Gasping for Airtime
Page 6
Every Monday when you walked into your office, the biographies of that week’s host and musical guest would be on your desk. These were courtesy of the phenomenal research department that works on Saturday Night Live. You could walk up to any one of them and say, “I need video of Neil Armstrong walking on the moon,” and they would have the tape for you in about three minutes. No matter how obscure your request was, they would find it for you. The research department always made sure that you had every conceivable piece of information on that week’s host.

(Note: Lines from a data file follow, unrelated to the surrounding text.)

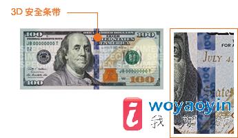 注意观察新版 100 美元钞票正面的蓝色条带,上面有钟形图案和数字“100”。将钞票前后倾斜,同时注意观察条带。您将看到,在移动过程中,钟形图案会变成数字“100”。将钞票前后倾斜,钟形图案和数字“100”会左右移动。如果左右倾斜,它们将上下移动。安全条带是织入纸币,而不是印制在纸币上的,同时应用了先进的微技术。使用了近百万个微型透镜,以产生移动钟形图案和数字“100”的视觉效果。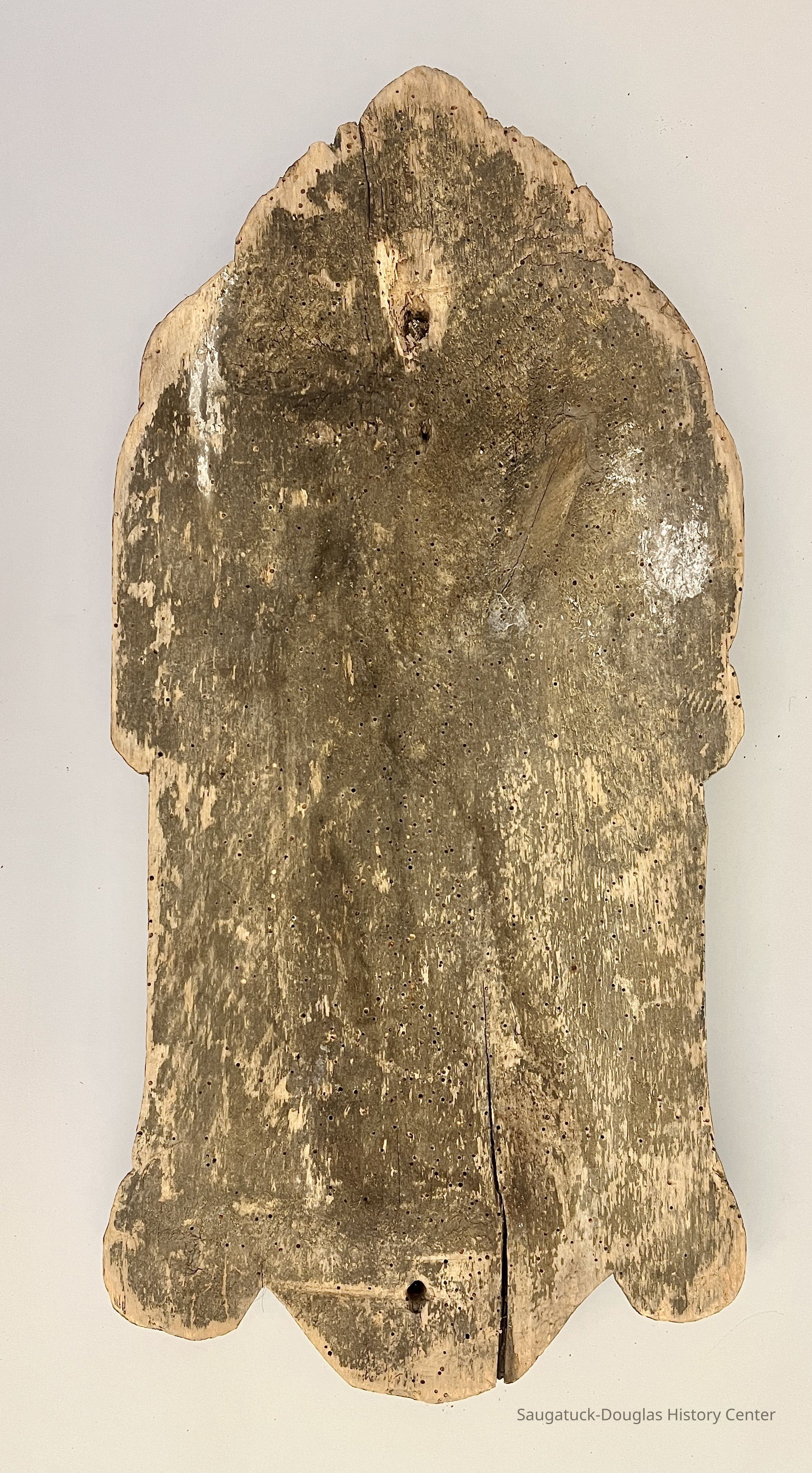 The wood is significantly weathered with checks and tiny boring-insect holes.Relationships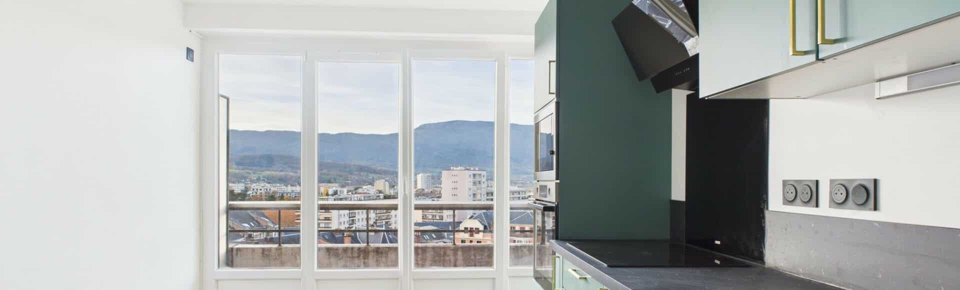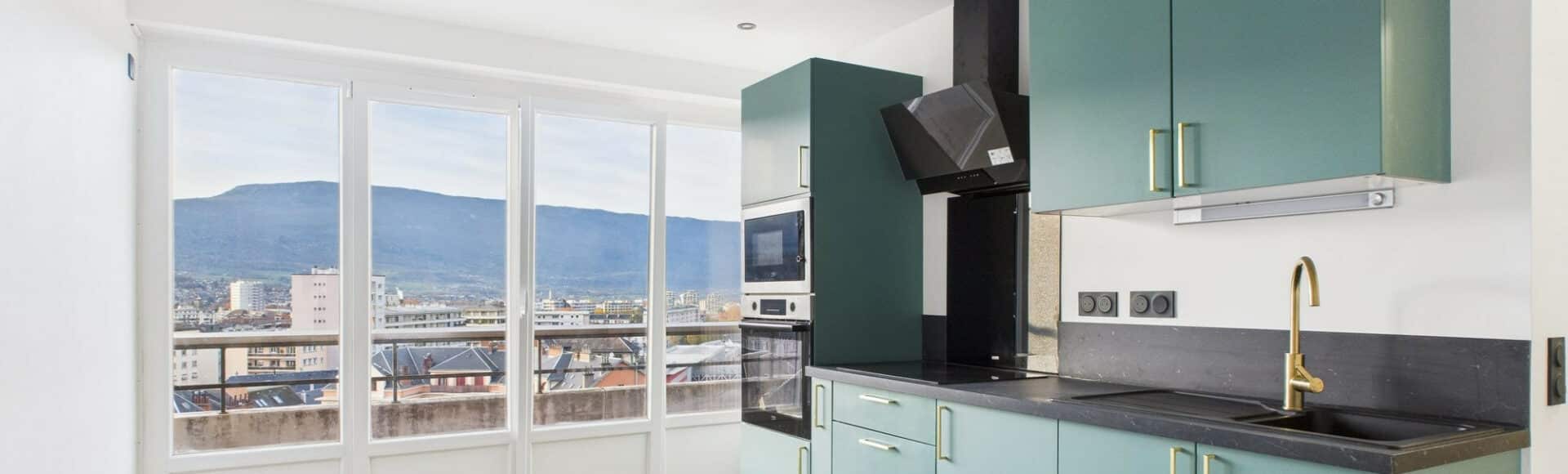 Appartement T2 entièrement rénové avec goût, au 7ème étage étage avec ascenseur de la copropriété le Centenaire, en plein centre-ville de Chambéry.

When I first started at SNL, I read these bios voraciously. I was looking for an edge. I devoured the host’s information looking for ideas. After a while, however, I grew complacent about finding an edge and stopped reading the bios. Well, for some reason I read Kelsey’s. Dave Attell read through it as well, and we sat and wondered aloud if that was how they became his half brothers. Our mood turned sardonic, and we pondered the odds of two of your family members getting eaten by sharks.

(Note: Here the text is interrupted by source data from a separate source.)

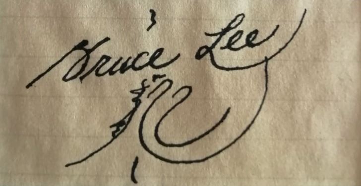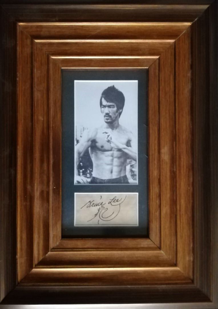 Bruce Lee autograph set among an unusual attractive frame. Supplied with coa.
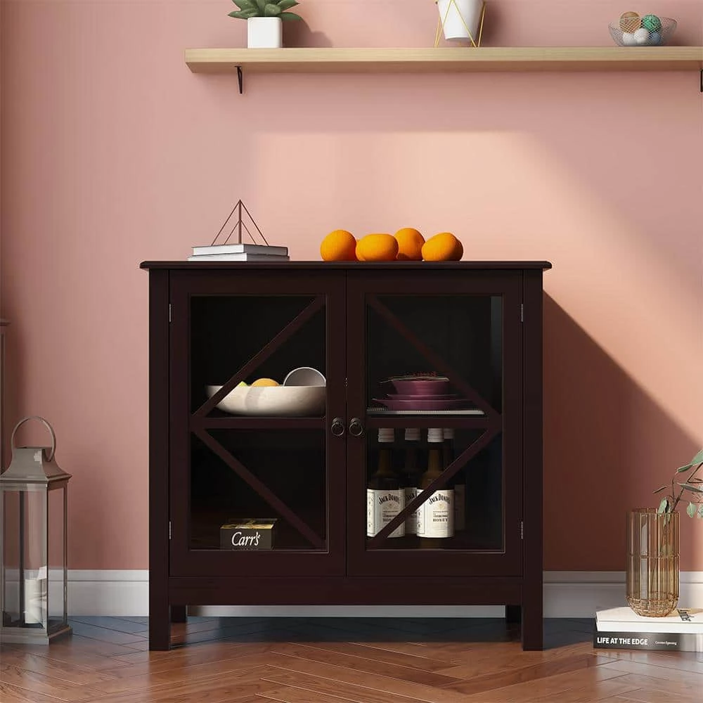 - Versatility this cabinet can be used as a sideboard in living room to fill in your favorite collections, or a buffet server cabinet in kitchen to put the tableware, bowls and dishes. With the glass doors you can show off as well as protect they from dust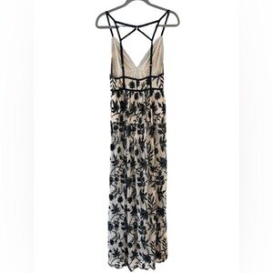 L’Atiste Black and Nude Embroidered Floral Sheer Maxi Dress Size Small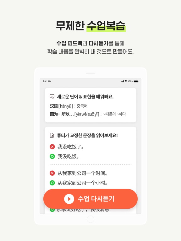 (3) 수업 후 : 피드백 노트 확인하기. 녹음된 수업내용 들으면서 무제한 복습하세요.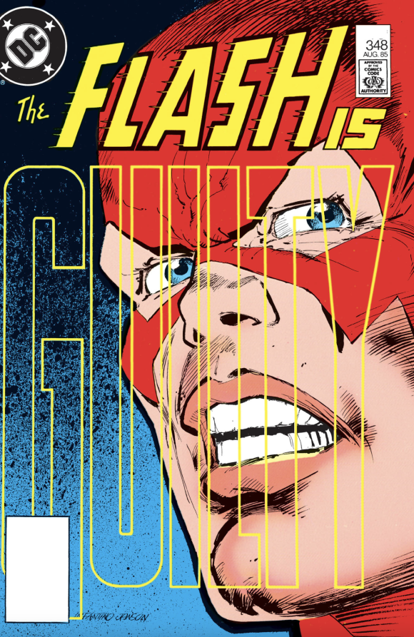 The Flash #348, DC. Guilty! The two year Trial of the Flash reaches its climax — by Cary Bates, Carmine Infantino and Frank McLaughlin, including an Infantino/Klaus Janson cover — with the Scarlet Speedster found guilty (just like the cover says) of the murder of the Reverse-Flash. An era was ending: only two issues left in this series, then Barry Allen would next appear in Crisis on Infinite Earths. And we all know what happened there.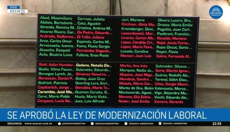 El oficialismo consiguió este jueves la sanción definitiva de la reforma laboral en el Senado y anotó un nuevo triunfo político para la gestión de Javier Milei. La iniciativa fue aprobada con 42 votos a favor, 28 negativos y dos abstenciones, luego de una jornada atravesada por manifestaciones en las inmediaciones del Congreso.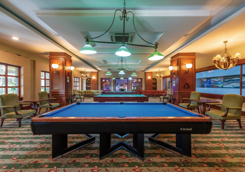 - Court & Club: Tennis-Hartplätze, Fitnessraum und Bowling bilden die Basis.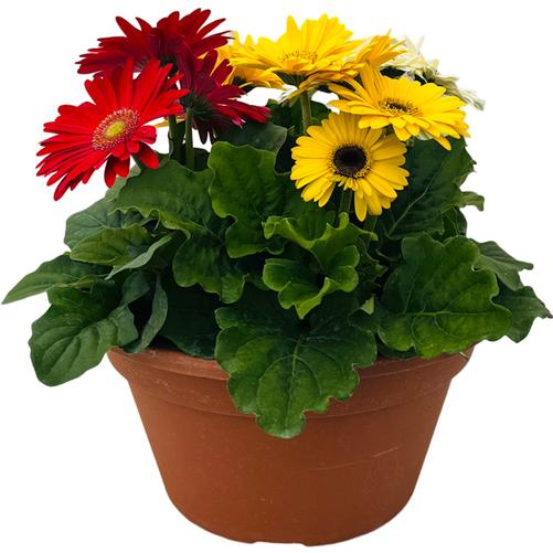 Gerbera Daisy Colorbloom Orange Yellow in a 10-in White Pot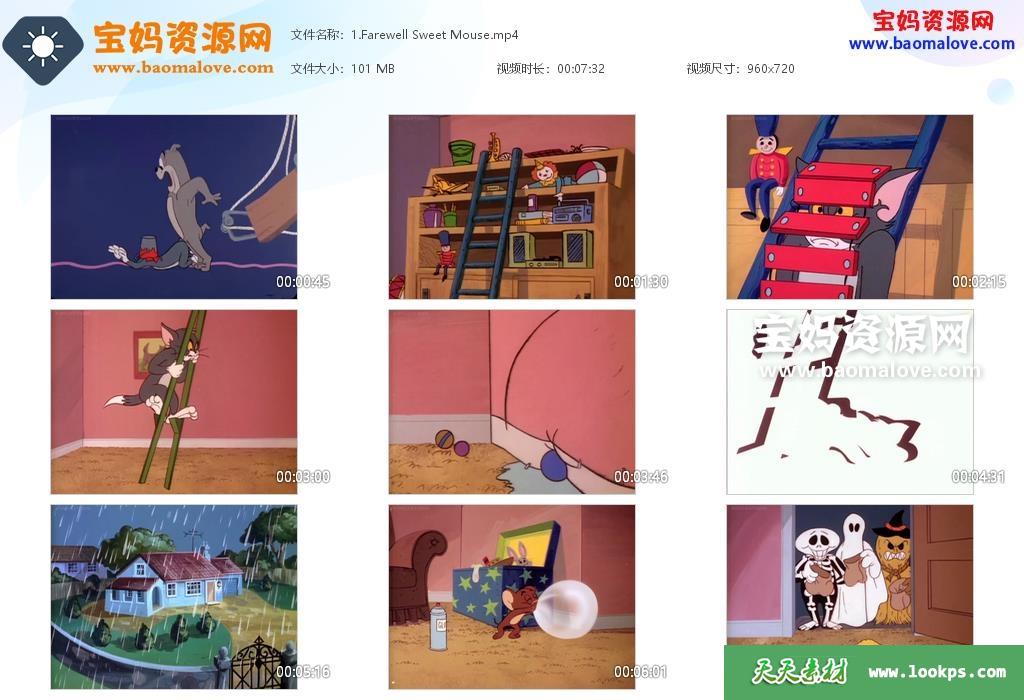 天天资源网收录的动画片《The Tom and Jerry Comedy Show》汽车学校英文版,全部37集,英语发音,无字幕;每集大小约70M,资源总大小2.78G,单集播放时长约7分钟,720P高清MP4格式,可以在电视机或电脑、平板、IPAD、早教机、手机等各种设备播放,提供百度云网盘下载。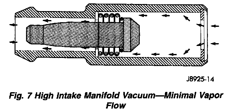 During periods of high manifold vacuum, such as idle or cruising speeds, vacuum is sufficient to completely compress spring. It will then pull the plunger to the top of the valve. In this position there is minimal vapor flow through the valve.

The pitch meeting with the host took place on Monday night, somewhere around eight. The writers and cast would all gather in Lorne’s office, along with director Dave Wilson, several producers, and assorted technical personnel to say hello and pitch ideas to that week’s host. If that sounds like a lot of people to be huddled in one office, it is.
Lorne’s office was by no means elaborate. It was one room with a beautiful wood desk and two old leather chairs. To the left-hand side of the desk was a small bathroom with a shower and hotel-style bathrobes hanging on the wall. Toward the rear of the office was a couch that comfortably seated four people. There were a few pieces of art on the walls alongside some great black-and-white photos of the show. It was a very nice, classy, mellow office. It certainly was an odd choice for him to have thirty-five people stand around and sit on the floor for two hours.
The host would sit in one of the comfy leather chairs; Jim Downey occupied the other one. The rest of us would form a semicircle around Lorne’s desk. People would lean against the wall immediately to the left of the desk next to the bathroom door and then fan out around the walls toward the couch and wrap around to the other side of the desk. If you didn’t get there early, you didn’t have a shot at the couch. If you weren’t on the couch, you either had to lean against the wall, afraid to touch anything, or sit on the floor and stare at the host’s crotch for the entire pitch meeting. One by one, the cast and writers would greet the host and pitch their ideas.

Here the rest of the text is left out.